Bagi Indonesia, Lembaga Keuangan Internasional (LKI) merupakan mitra strategis, pusat pengetahuan, sumber keuangan, dan bantuan teknis. Tujuan utama dari peran LKI sendiri adalah memerangi kemiskinan dan mengurangi kesenjangan yang ada di Indonesia.

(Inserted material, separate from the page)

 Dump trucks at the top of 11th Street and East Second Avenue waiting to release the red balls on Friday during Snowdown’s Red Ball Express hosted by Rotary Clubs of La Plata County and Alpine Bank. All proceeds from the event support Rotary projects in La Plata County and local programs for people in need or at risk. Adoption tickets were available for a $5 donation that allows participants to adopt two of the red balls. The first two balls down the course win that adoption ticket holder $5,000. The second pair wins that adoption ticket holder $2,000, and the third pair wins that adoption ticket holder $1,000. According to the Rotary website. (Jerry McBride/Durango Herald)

Saat ini, tantangan di tengah perekonomian global juga semakin kompleks. Perang dagang antarnegara besar memicu penurunan pertumbuhan perdagangan dunia. Kemudian, normalisasi kebijakan moneter di Amerika Serikat memicu Capital Flight di Emerging Markets. Selain itu, adanya tekanan yang tinggi pada geopolitik di Timur Tengah memicu ketidakstabilan harga minyak dunia. Serta perpanjangan masa transisi Brexit juga memicu ketidakstabilan kerjasama ekonomi di Eropa.

Untuk mengatasi kondisi yang demikian, ‘Multilateralisme Baru’ dibutuhkan. Bagaimana setiap negara bisa saling menghormati, bekerjasama dan berkoordinasi lebih baik, dan transparansi yang lebih baik. Selain itu, setiap negara harus bersedia untuk selalu saling menghormati dan membantu berdasarkan asas kepedulian.

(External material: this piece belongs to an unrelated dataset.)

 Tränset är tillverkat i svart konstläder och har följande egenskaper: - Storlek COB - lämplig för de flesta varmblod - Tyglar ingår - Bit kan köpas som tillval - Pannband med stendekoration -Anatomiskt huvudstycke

Millennia Aulia Susanti, Kepala Subbidang Strategi Keuangan Inklusif memaparkan bagaimana keterkaitan praktik ‘Kebijakan Fiskal dan Keuangan Inklusif’di Indonesia. “Keuangan inklusif mendorong peningkatan kesejahteraan dan pertumbuhan ekonomi. Bagaimana keuangan inklusif dapat menanggulangi kemiskinan dan meningkatkan kesejahteraan”, tutur Millennia.

Keuangan inklusif adalah kondisi ketika setiap anggota masyarakat mempunyai akses terhadap berbagai layanan keuangan formal yang berkualitas secara tepat waktu, lancar, dan aman dengan biaya terjangkau sesuai dengan kebutuhan dan kemampuan dalam rangka meningkatkan kesejahteraan masyarakat.

“Akses terhadap layanan keuangan sangat penting. Untuk indvidu, seperti halnya akses penggunaan uang elektronik dan tabungan. Untuk UMKM ada pengajuan kredit, asuransi, dan ikut serta dalam pasar modal”, tambah Millennia.

Untuk mendorong peningkatan keuangan inklusif, pemerintah menerbitkan Strategi Nasional Keuangan Inklusif (SNKI) yang memiliki target pada kenaikan tingkat keuangan inklusif dari 36% pada tahun 2014 menjadi 75% pada tahun 2019.

“Selain itu, terdapat juga sejumlah kebijakan fiskal pemerintah melalui program keuangan inklusif yang ditujukan untuk individu, seperti Program Keluarga Harapan, Program Indonesia Pintar, dan Bantuan Pangan Non Tunai. Sedangkan untuk UMKM ada Kredit Usaha Rakyat Mikro, Usaha Ekonomi Produktif Kelompok Usaha Bersama, dan Pembiayaan Ultra Mikro”, tutup Millennia dalam sesinya.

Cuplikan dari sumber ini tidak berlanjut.